### Introduction
One of the most important problems in the [challange to predict malware](https://www.kaggle.com/c/microsoft-malware-prediction) is to find an validation dataset that represents the test. As many commented in the [discussions](http://https://www.kaggle.com/c/microsoft-malware-prediction/discussion/75087), the data for this competition is quite diferent from the train dataset to the test. This kernel has some feature engenieering and adversarial validation made by me and [DimitreOliveira](https://www.kaggle.com/dimitreoliveira) to deal with that problem.
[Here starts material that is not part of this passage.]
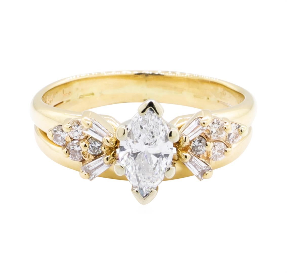 One electronically tested 14KT yellow gold lady's combination cast & assembled wedding ring soldered to wedding band with a bright polish finish. The featured lady's ring has a double shank measuring 2.80 millimeters wide. Identified with markings of '14K'. Condition is like new, good workmanship. Containing: One prong set marquise shaped cut diamond, measuring 7.30 x 4.20 x 2.65mm (depth est.) , 5.00.%. GTCF approximate weight of 0.50ct. Graded in the setting. Color F - G Clarity SI-2 Cut Good Four prong set baguette cut (tapered) diamonds, measuring from 2.10 x 1.20 x 1.02mm (depth est.) to 2.20 x 1.30 x 1.11mm (depth est.) approximate total weight of 4 Stones = 0.10ct. Graded in the setting. Color G - H Clarity VS-2 to SI-1 Cut Very Good Eight prong set round brilliant cut diamonds, measuring 1.90 - 1.70 x 1.12mm (depth est.) approximate total weight of 8 Stones = 0.18ct. Graded in the setting. Color G - H Clarity VS-2 to SI-2 Cut Good. Total Weight of Diamonds 0.78ct. Total Weight of Ring Soldered To Wedding Band 3.80gm. GAS Appraised.

#### **Table of contents**
1. [Simplification of version related features](#Simplification-of-version-related-features);
2. [Encoding](#Encoding);
3. [Adversarial Validation](#Adversarial-Validation).

In [1]:
import dask
import dask.dataframe as dd
import warnings
import datetime
import numpy as np
import pandas as pd
import seaborn as sns
import matplotlib.pyplot as plt
import category_encoders as ce
from sklearn.ensemble import RandomForestClassifier
from sklearn.model_selection import train_test_split, KFold
from sklearn.metrics import confusion_matrix, classification_report, accuracy_score, recall_score, precision_score, f1_score
import xgboost as xgb

%matplotlib inline
sns.set(style="whitegrid")
warnings.filterwarnings("ignore")
pd.set_option('display.float_format', lambda x: '%.2f' % x)

In [2]:
dtypes = {
        'MachineIdentifier':                                    'category',
        'AVProductsInstalled':                                  'float16',
        'AVProductsEnabled':                                    'float16',
        'IsProtected':                                          'float16',
        'Census_ProcessorCoreCount':                            'float16',
        'Census_SystemVolumeTotalCapacity':                     'float32',
        'Census_IsAlwaysOnAlwaysConnectedCapable':              'float16',
        'Wdft_IsGamer':                                         'float16',
        'AvSigVersion':                                         'category',
        'OsBuildLab':                                           'category',
        'Census_OSVersion':                                     'category',
        'AppVersion':                                           'category',
        'EngineVersion':                                        'category',
        'Census_PowerPlatformRoleName':                         'category',
        'OsPlatformSubRelease':                                 'category',
        'Census_OSInstallTypeName':                             'category',
        'SkuEdition':                                           'category',
        'Census_ActivationChannel':                             'category',
        'Census_OSWUAutoUpdateOptionsName':                     'category',
        'ProductName':                                          'category',
        'Platform':                                             'category',
        'Census_PrimaryDiskTypeName':                           'category',
        'Census_DeviceFamily':                                  'category',
        'Census_OSArchitecture':                                'category',
        'Processor':                                            'category',
        'HasDetections':                                        'int8'
        }

label = ['HasDetections']

ids = ['MachineIdentifier']

numerical_features = ['AVProductsEnabled', 'AVProductsInstalled', 
                      'Census_ProcessorCoreCount', 'Census_SystemVolumeTotalCapacity']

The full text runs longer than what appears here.